Some specific questions I'd like answered are:
- Who are my favorite actors/directors?
- How much time have I spent watching movies?
- How often do I watch movies?
- What type of movies do I tend to gravitate towards?


## 1- First, lets read in and prepare our datasets.

In [1]:
import pandas as pd

df1 = pd.read_csv("/Users/erickpuntiel/Desktop/watched.csv")
df2 = pd.read_csv("/Users/erickpuntiel/Desktop/ratings.csv")

## getting rid of redundant columns
df1 = df1.drop(columns = ['Letterboxd URI'])
df2 = df2.drop(columns = ['Letterboxd URI', 'Date', 'Year'])

## merging dataframes on the movie title
movies = df1.merge(df2, on = 'Name', how = 'left')
movies

Unnamed: 0,Date,Name,Year,Rating
0,2021-01-16,La Haine,1995,5.0
1,2022-01-07,Oldboy,2003,3.0
2,2022-01-07,No Country for Old Men,2007,5.0
3,2022-01-07,Taxi Driver,1976,
4,2022-01-10,Lady Bird,2017,4.0
...,...,...,...,...
411,2023-08-16,No Hard Feelings,2023,2.0
412,2023-08-24,Knight and Day,2010,3.0
413,2023-08-24,Fatal Attraction,1987,2.0
414,2023-08-25,Point Break,1991,4.0


This is pretty much all the relevant data that the letterboxd csv provides.
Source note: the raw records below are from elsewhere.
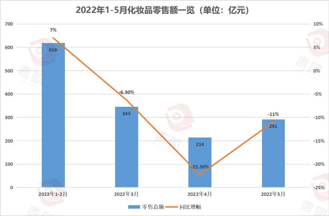 另外,近十年來(lái),1-5月化妝品零售總額也僅在2020年和今年出現(xiàn)了下降,這兩個(gè)年份的跌幅分別為4.9%和5.2%。值得一提的是,去年1-5月化妝品零售總額一度高達(dá)1538.7億元,同比增長(zhǎng)高達(dá)30.3%,金額和增幅均創(chuàng)下歷史最高。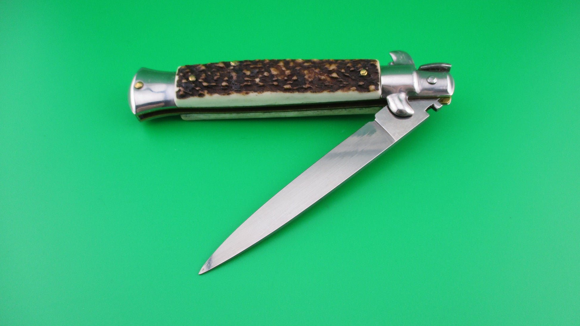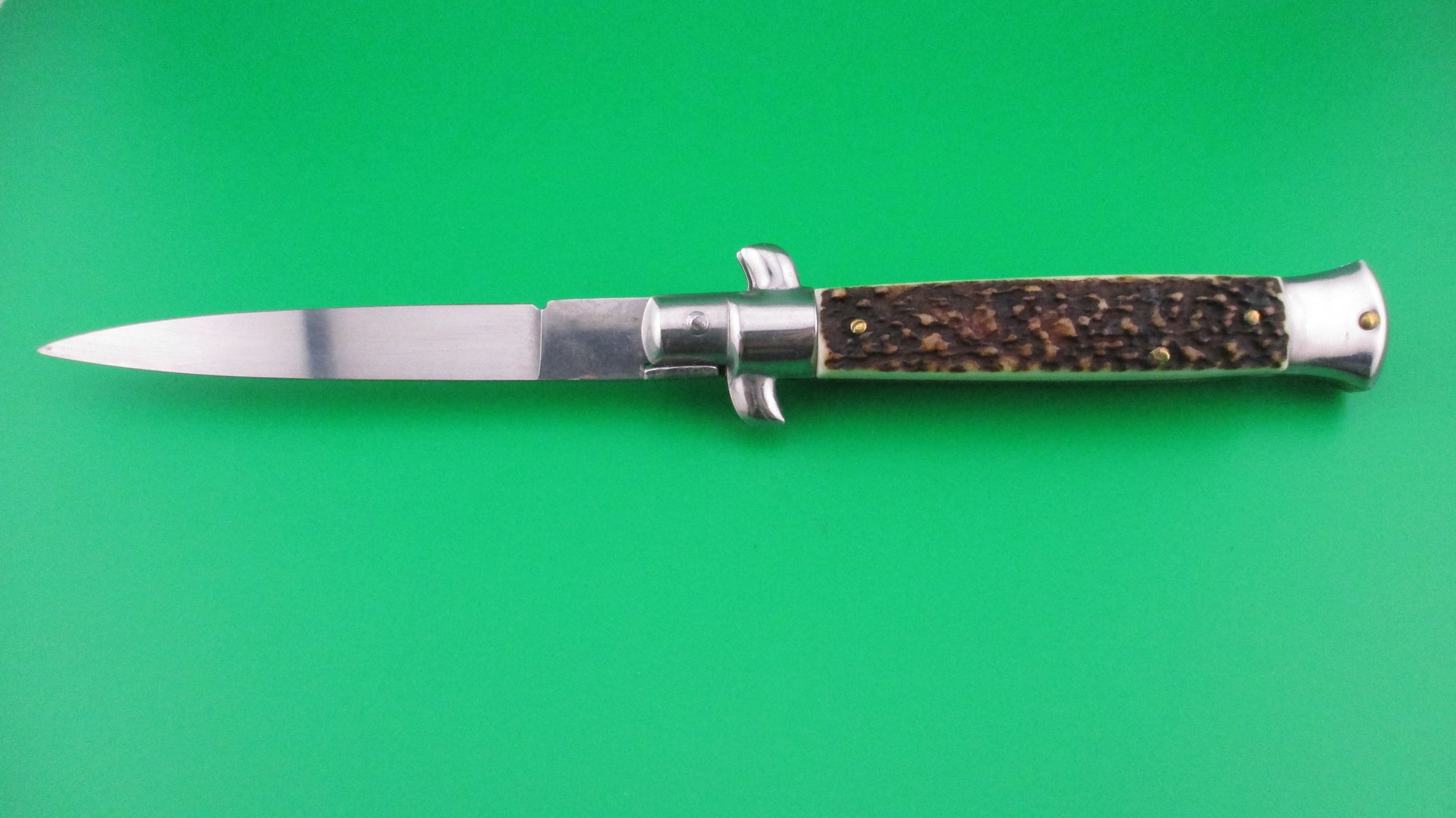 Z ITALY INOX 22cm Italian Stiletto Stag Swivel bolster vintage automatic knife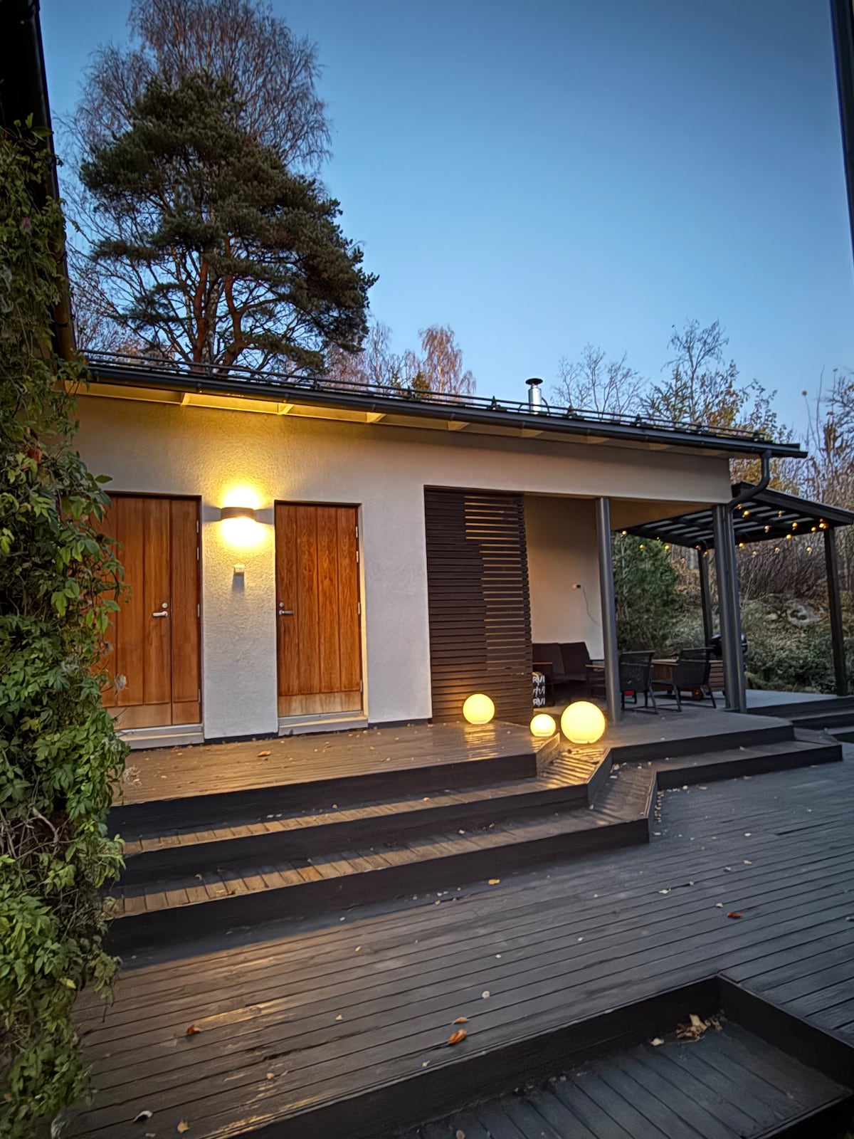 The beautiful scenery of the national park opens up in every direction from the windows of the house. Outdoor trails start right from the front door! Relax in the gentle steam of a traditional Finnish sauna, and soak in a hot tub under the starry sky (new clean water for every guest - also in winter). Children will enjoy the large yard with a playhouse, trampoline, swing and yard toys. The villa is located 39 kilometers from Helsinki Airport and 36 kilometers from the center of Helsinki.
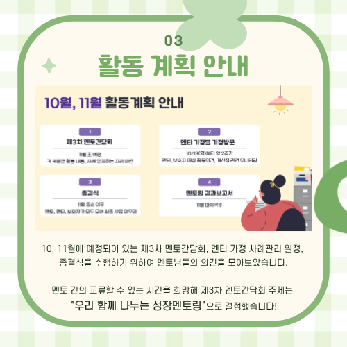 교육 이후에는 담당자가 10, 11월 사업 내용을 안내하였으며, 멘토들 간에 서로의 활동을 공유하는 시간을 가졌습니다.
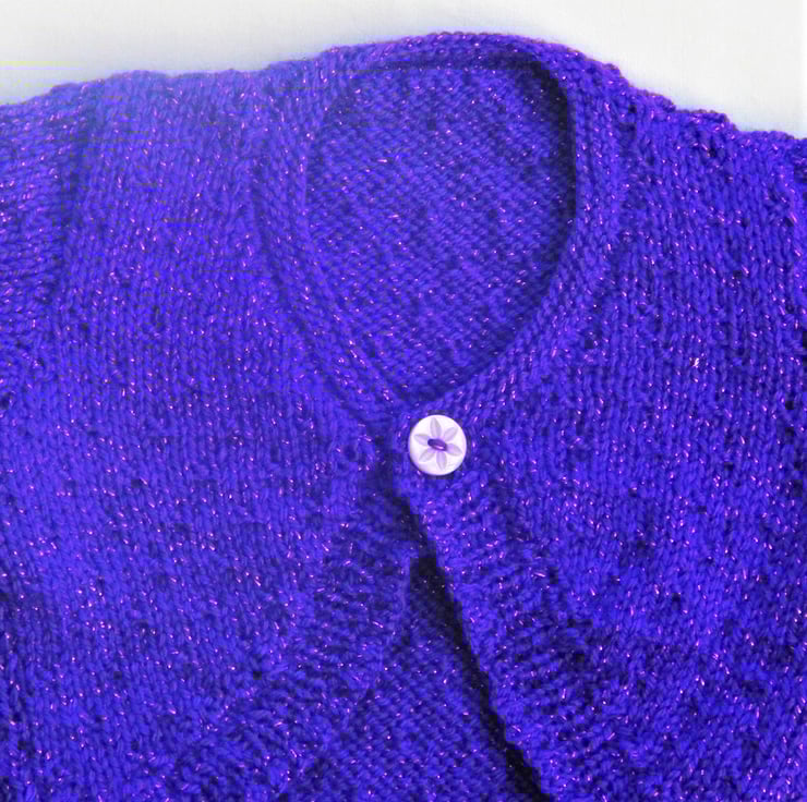Beautiful curved front cardigan for a baby girl hand knitted in double knitting wool. The baby cardigan has an attractive curved front border ending in a one button fastening. It can also be knitted with short sleeves as shown in the attached photos.
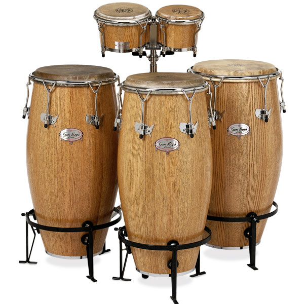 They come with both Gon Bops rawhide heads AND NuSkin heads (with the Gon Bops Logo on.)
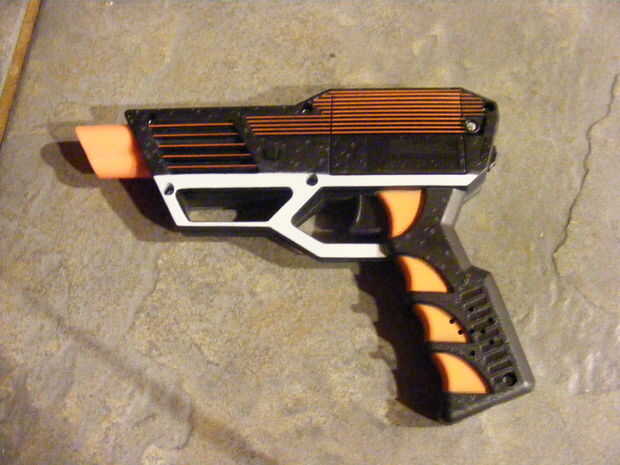 Elegí dos pistolas láser de ToysRUs. Dos armas de fuego vienen en una caja, y se llaman aire zona Lazer Tag. Si vas a usar otra marca, recuerde que el arma es también el objetivo. ¿Tenemos esa característica, por lo que el Drone puede disparar hacia nosotros con el mismo módulo que la etiqueta, tiene sentido? Hemos decidido no utilizar el a bordo de la batería de los aviones no tripulados al poder el módulo láser, utilizamos un paquete de baterías separado. El a bordo de la batería tiene suficiente problemas operando el buque.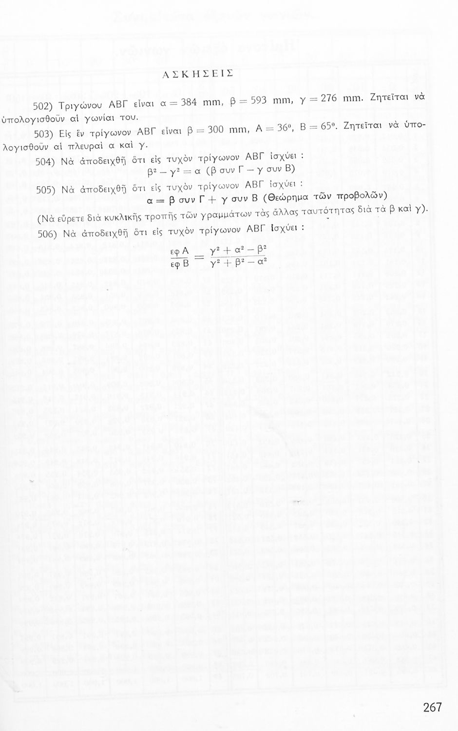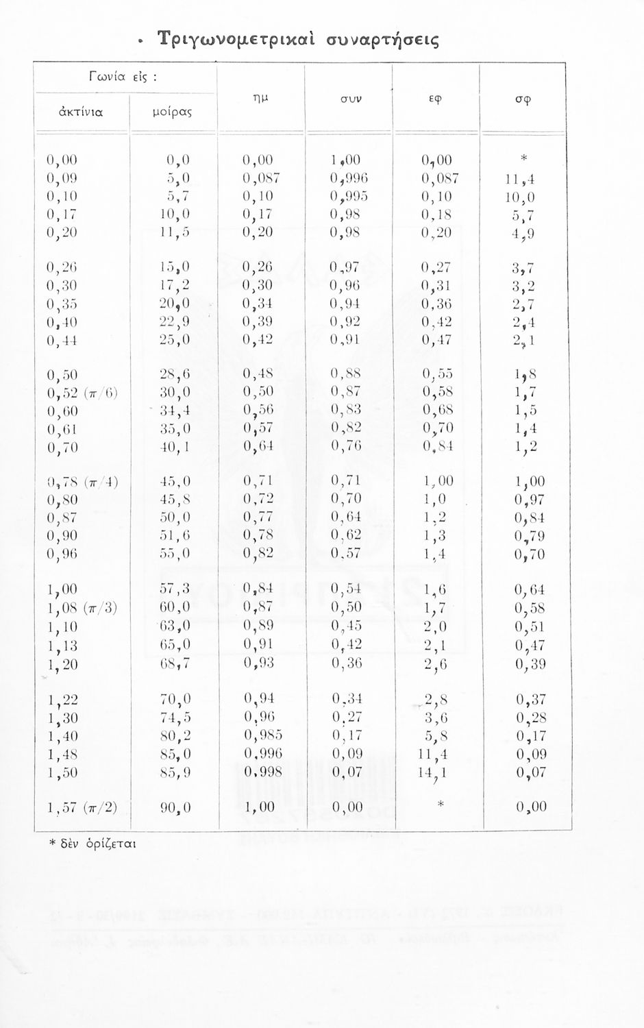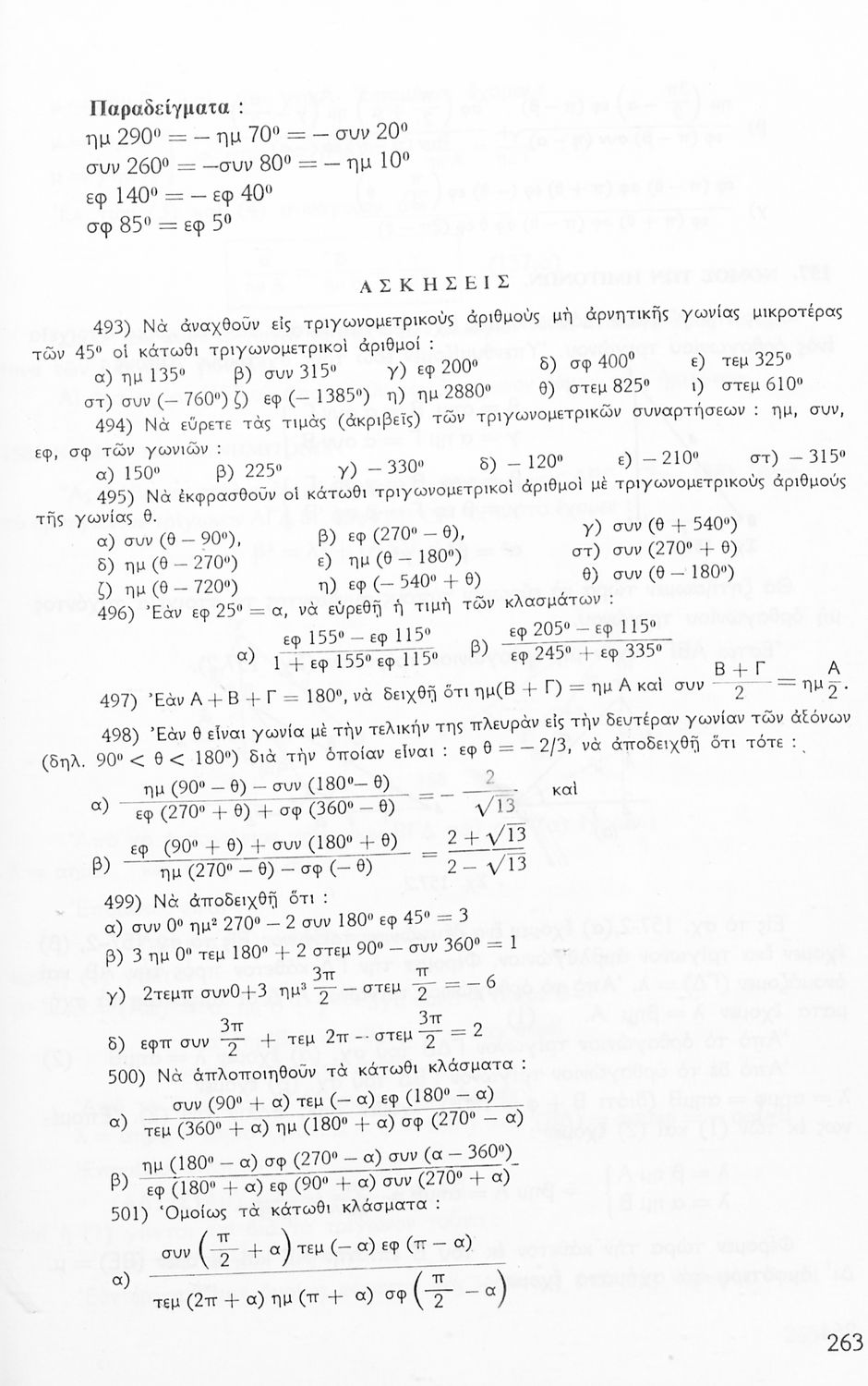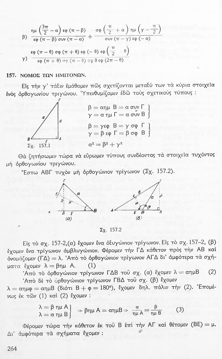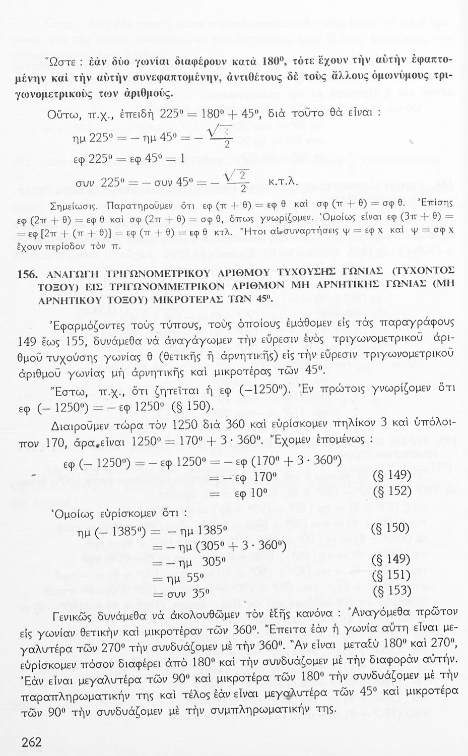 Σχολικό εγχειρίδιο Μαθηματικών για την Ε΄ Γυμνασίου, χωρισμένο σε προβλήματα, εφαρμογές και ασκήσεις, που εστιάζει στην Τριγωνομετρία. Φέρει το σύμβολο της δικτατορίας.

I'm going to use the tmdb API to scrape more data, such as release year, genre, country of origin, etc.
## 2- Connect to the API, and search for IDs

In [2]:
import tmdbsimple as tmdb
tmdb.API_KEY = '022c2850fb876773a9522f007ef2c46d'

search = tmdb.Search()
discover = tmdb.Discover()


tmdbID = []

## search by title and year to avoid any redundancies (movies with same title)
for t, y in zip(movies["Name"], movies["Year"]):
    movie_info = search.movie(query = t, year = y)
    if movie_info['results']:
        tmdbID.append(movie_info['results'][0]['id'])
    else:
        tmdbID.append(-1)

print(tmdbID[:15])

[406, 670, 6977, 103, 391713, 194662, 598, 141, 153, 244786, 27205, 38, 1359, 9100, 9424]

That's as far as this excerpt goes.